Don’t know if this is broader than Colorado, from the Denver Post this morning. Here’s the link, below is an excerpt.
Last summer, insurers in Colorado paid out an estimated $449.7 million in wildfire claims. This year, many are saying they no longer want to take on the risk, even for loyal policyholders like the Littles, who have worked extensively to create a “defensible space” cleared of flammable vegetation that buffers their home from the surrounding forest.
Although the insurance companies in Colorado paid out $1.37 for every $1 in premiums collected in 2009 (the most recent year for which figures are available), it’s not as though they are not still wildly profitable. The net income of U.S. property-insurance companies grew to $33.5 billion in 2012, up from $19.5 billion in 2011, according to the Property Casualty Insurers Association of America.
Interestingly, wildfire insurance claims amount only to about 2 percent of all property-insurance payouts nationally. Hurricanes and tropical storms chew up 44 percent, followed by tornadoes at 30 percent.
But recognizing a sharp rise in large-scale weather-related disasters — if you doubt the effects of climate change, just look to the insurance companies’ actuarial tables for proof — the nation’s second-largest insurer, Allstate, last year moved to get out of catastrophe insurance altogether.
Because of a series of bad wildfire seasons, on top of the costly hailstorms that routinely tear up roofs in these parts, Colorado has joined the nation’s top 10 states in terms of disasters, according to Carole Walker, executive director of the Rocky Mountain Insurance Information Association.
That means premiums have risen sharply in many cases, policies have been dropped outright in others, and some areas are considered so risky that insurance companies have placed moratoriums on new policies.
(Local governments only now are beginning to take note when crafting zoning rules for new residential development along the forest boundaries and considering restrictions or requiring defensible space. One positive out of the insurance companies’ skittishness is that they increasingly are requiring property owners to clear out defensible space and use fire-resistant construction.)
Some disaster-stricken states — including California, Texas and Florida — have seen the availability of affordable property insurance dry up so much so that they’ve resorted to government-backed plans.
Colorado hasn’t reached that point, yet, but it’s obvious that insurance companies want only to maximize profits rather than provide, you know, policies that would actually insure property owners in the case of catastrophic loss.
Amy Bach, executive director of the non-profit United Policyholders, a consumer advocacy group, said it’s not unusual for insurance companies to overreact to catastrophes by sharply increasing premiums or axing coverage, but options remain in the insurance marketplace.
“People wonder: ‘How is this fair?

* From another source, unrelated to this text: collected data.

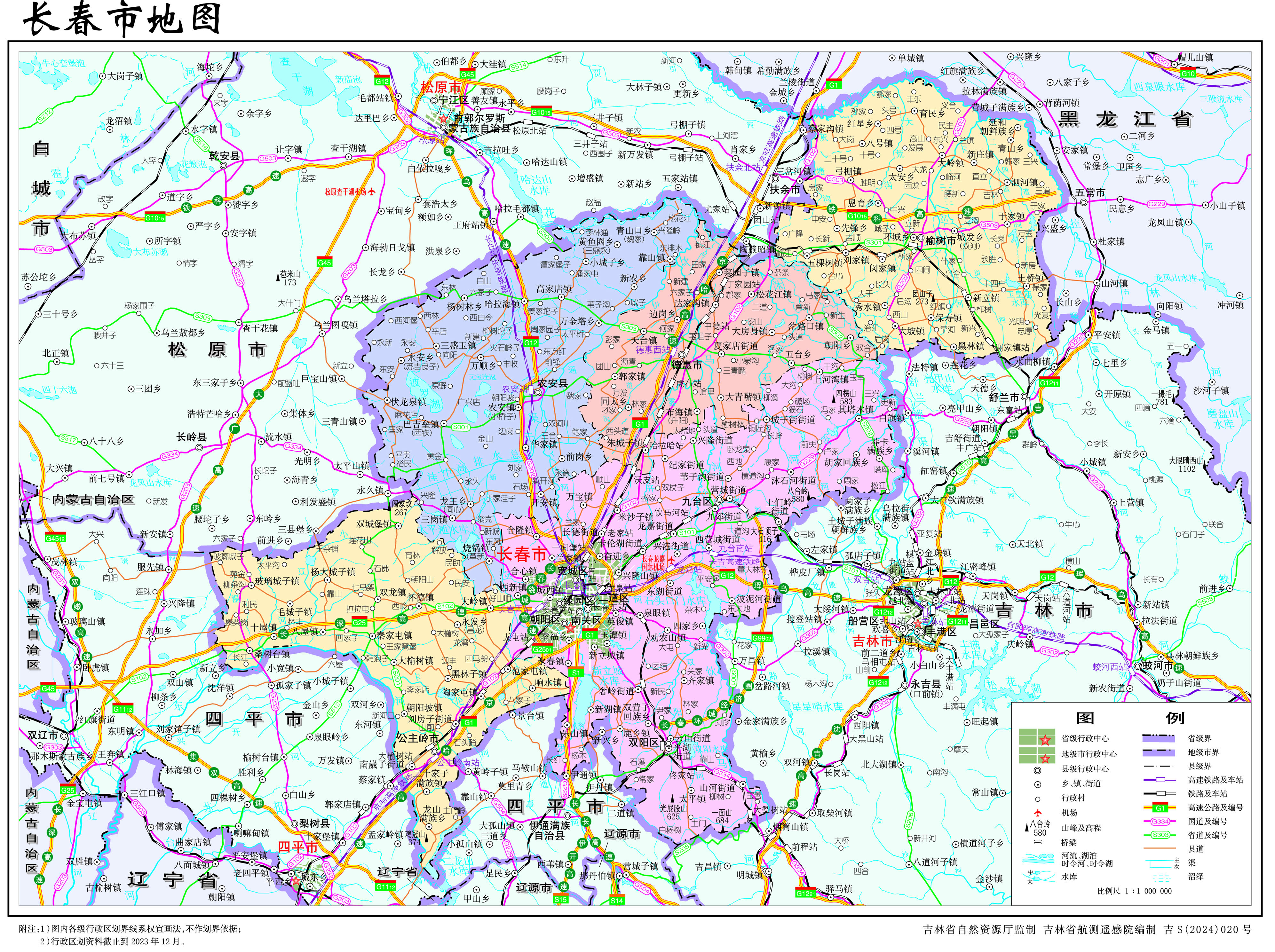 長春市轄7個市轄區(qū)、1個縣,代管3個縣級市:
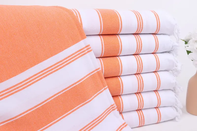 Bridesmaid Gift Cotton Towel Striped Orange Beige, 40x71 Inches
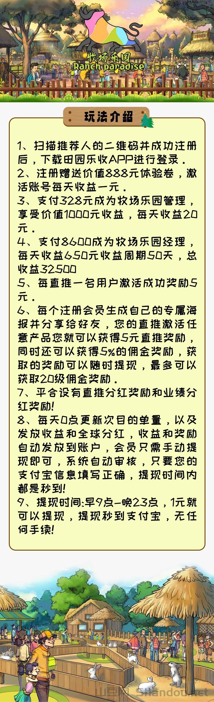 最新养成类首码项目【牧场乐园】动物养成收益,无广告,无脑收益,注册送福利888体验卡,激活每天3元,收益120天(简单易懂,释放双手)
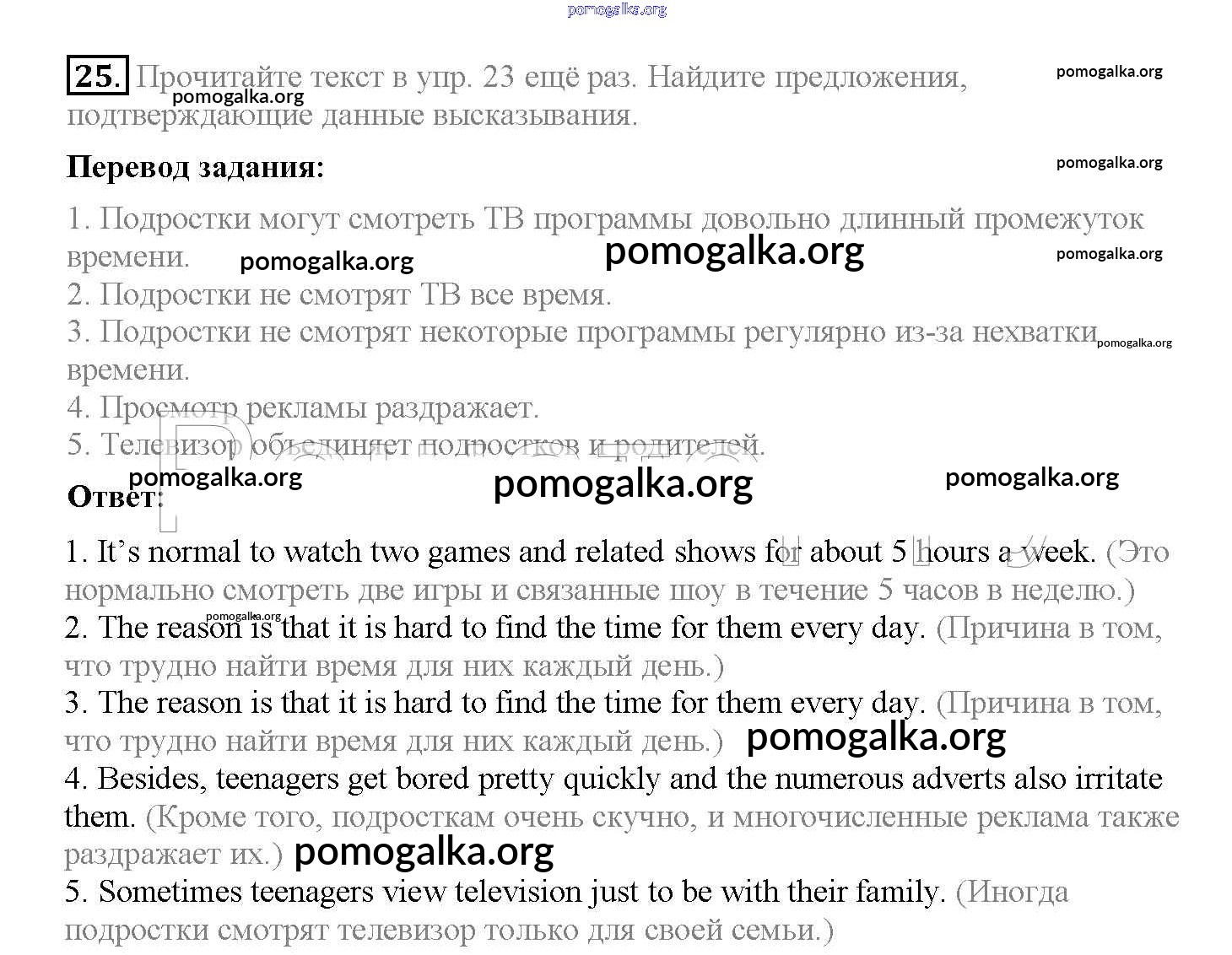 Готовые ответы - Английский язык 8 класс Enjoy English Биболетова М.З. - section 2 unit 3 25
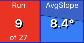 This double-section lets you know how many different activities SkiMax has determined you have performed during your day (here 27). A run can be either skiing, in or on a lift, or just simply resting. If the control button at the bottom is seleting ‘All Runs’ then the data reflects the total run-count. In this mode, the Avg Slope panel reports the average slope calculated from all SKI-runs. For this the lifts are not considered.
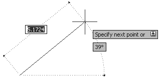 Положение точки можно определить комбинированным способом: используя как клавиатуру, так и мышь. Чтобы указать положение очередной точки с помощью этого метода, переместите мышь в нужном направлении, а затем введите с клавиатуры расстояние от предыдущей до новой точки и нажмите клавишу Enter. Данный способ удобно совмещать с использованием ортогонального режима или полярной привязки.

I paid money to this insurance company for so many years, and I finally need it, and now that I need it, they’re dropping me,’ ” she said. “There’s just no law that forces insurance companies to take on customers they don’t want. My message is don’t be loyal to the insurance company, because they’re not going to be loyal to you if it’s not in their economic interest to do so.”
Calls to several of the largest insurance companies about their approach to wildfire coverage went unanswered.
The Littles ultimately were able to acquire a policy from a different company for only a couple hundred dollars more annually, one that actually sends out private firefighters to douse their home in a fire-resistant gel in the face of an encroaching wildfire.
Note: in case you haven’t been following the relationship of climate change and insurance companies, check out this post on Roger Pielke, Jr.’s blog or just search for Munich Re. There’s considerably more to this than meets the eye.